Records:
┌────────
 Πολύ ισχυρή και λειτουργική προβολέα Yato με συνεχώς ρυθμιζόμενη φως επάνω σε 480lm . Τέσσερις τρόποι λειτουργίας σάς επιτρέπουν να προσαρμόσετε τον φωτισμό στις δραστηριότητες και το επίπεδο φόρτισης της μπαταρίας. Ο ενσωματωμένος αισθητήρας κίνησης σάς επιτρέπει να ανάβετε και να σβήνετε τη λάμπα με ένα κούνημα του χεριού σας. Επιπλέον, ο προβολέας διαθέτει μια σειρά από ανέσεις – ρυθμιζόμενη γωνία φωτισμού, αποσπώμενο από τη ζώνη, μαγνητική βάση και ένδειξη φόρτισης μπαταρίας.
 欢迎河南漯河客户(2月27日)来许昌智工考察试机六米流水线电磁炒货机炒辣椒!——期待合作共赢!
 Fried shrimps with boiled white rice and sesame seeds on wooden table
└────────
┌────────
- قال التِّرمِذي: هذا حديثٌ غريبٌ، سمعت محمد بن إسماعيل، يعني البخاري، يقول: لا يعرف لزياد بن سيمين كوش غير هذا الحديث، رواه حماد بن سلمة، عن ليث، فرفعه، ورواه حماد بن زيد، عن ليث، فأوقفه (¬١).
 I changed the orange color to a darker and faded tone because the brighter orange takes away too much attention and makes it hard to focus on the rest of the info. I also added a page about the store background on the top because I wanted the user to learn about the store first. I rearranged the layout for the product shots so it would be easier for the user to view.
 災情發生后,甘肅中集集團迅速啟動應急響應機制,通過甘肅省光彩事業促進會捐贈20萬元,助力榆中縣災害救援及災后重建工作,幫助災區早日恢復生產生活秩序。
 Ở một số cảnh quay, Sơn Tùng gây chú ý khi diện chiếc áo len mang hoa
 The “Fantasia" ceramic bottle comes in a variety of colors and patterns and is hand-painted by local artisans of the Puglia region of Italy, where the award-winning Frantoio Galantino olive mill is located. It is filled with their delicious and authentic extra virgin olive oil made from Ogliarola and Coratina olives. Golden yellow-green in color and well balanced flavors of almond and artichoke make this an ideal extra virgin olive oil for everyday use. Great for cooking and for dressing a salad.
└────────
┌────────
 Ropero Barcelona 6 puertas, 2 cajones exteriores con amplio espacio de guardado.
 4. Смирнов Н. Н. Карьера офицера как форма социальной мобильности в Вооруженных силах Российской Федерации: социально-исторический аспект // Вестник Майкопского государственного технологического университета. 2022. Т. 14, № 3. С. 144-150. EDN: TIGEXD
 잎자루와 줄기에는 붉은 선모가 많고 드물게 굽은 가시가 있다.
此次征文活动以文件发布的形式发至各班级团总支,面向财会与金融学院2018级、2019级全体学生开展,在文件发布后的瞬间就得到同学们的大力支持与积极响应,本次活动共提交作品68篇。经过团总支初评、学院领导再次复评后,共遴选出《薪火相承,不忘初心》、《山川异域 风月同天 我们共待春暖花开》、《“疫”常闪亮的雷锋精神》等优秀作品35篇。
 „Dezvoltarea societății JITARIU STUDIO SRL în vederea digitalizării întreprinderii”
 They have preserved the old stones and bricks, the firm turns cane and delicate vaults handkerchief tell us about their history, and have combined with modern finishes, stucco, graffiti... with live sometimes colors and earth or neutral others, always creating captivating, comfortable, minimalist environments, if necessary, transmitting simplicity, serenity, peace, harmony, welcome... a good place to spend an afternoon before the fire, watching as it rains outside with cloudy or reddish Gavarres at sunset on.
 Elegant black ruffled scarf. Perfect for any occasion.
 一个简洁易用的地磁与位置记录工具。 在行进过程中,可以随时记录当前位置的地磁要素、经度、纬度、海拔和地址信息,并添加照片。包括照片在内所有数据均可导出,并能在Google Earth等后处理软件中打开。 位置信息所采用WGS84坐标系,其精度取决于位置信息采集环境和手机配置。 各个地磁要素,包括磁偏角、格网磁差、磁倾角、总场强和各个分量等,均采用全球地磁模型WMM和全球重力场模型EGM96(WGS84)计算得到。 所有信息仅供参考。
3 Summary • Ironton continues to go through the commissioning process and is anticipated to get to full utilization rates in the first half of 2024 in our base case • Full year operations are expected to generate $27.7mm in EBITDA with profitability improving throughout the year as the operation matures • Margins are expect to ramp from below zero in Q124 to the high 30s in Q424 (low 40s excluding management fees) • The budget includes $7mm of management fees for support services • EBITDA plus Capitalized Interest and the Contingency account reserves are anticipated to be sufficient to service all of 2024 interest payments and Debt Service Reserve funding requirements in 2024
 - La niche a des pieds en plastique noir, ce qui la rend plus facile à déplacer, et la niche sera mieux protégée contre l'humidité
└────────
Required action:
Show every line of the material above in which "colors" is present.

Exercise result:
 The “Fantasia" ceramic bottle comes in a variety of colors and patterns and is hand-painted by local artisans of the Puglia region of Italy, where the award-winning Frantoio Galantino olive mill is located. It is filled with their delicious and authentic extra virgin olive oil made from Ogliarola and Coratina olives. Golden yellow-green in color and well balanced flavors of almond and artichoke make this an ideal extra virgin olive oil for everyday use. Great for cooking and for dressing a salad.
 They have preserved the old stones and bricks, the firm turns cane and delicate vaults handkerchief tell us about their history, and have combined with modern finishes, stucco, graffiti... with live sometimes colors and earth or neutral others, always creating captivating, comfortable, minimalist environments, if necessary, transmitting simplicity, serenity, peace, harmony, welcome... a good place to spend an afternoon before the fire, watching as it rains outside with cloudy or reddish Gavarres at sunset on.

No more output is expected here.